= Work task =
Which lines of the entries below run from the one holding "鄭州天地粵海酒店LED顯示屏安裝現(xiàn)場" to the one holding "Gown Fabric :Heavy", inclusive? Set down exactly those lines and no others.

= Data =

== Segment start ==

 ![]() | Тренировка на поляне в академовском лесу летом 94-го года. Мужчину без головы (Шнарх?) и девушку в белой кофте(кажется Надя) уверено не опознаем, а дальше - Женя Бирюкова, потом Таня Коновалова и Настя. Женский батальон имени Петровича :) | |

== Segment end ==
== Segment start ==

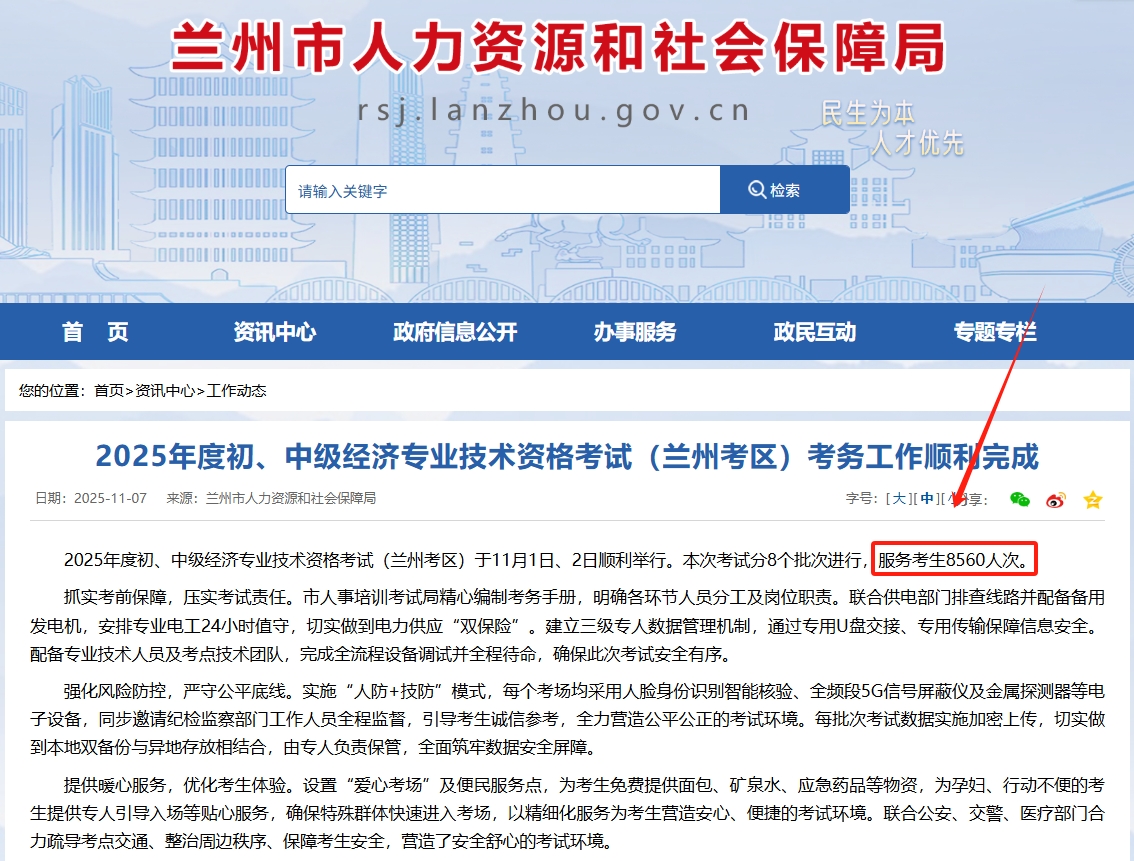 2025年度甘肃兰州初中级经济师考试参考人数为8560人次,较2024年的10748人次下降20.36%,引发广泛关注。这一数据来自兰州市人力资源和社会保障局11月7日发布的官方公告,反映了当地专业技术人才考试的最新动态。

== Segment end ==
== Segment start ==

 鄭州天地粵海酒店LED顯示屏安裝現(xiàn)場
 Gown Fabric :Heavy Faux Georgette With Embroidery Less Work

== Segment end ==

= Response area =
 鄭州天地粵海酒店LED顯示屏安裝現(xiàn)場
 Gown Fabric :Heavy Faux Georgette With Embroidery Less Work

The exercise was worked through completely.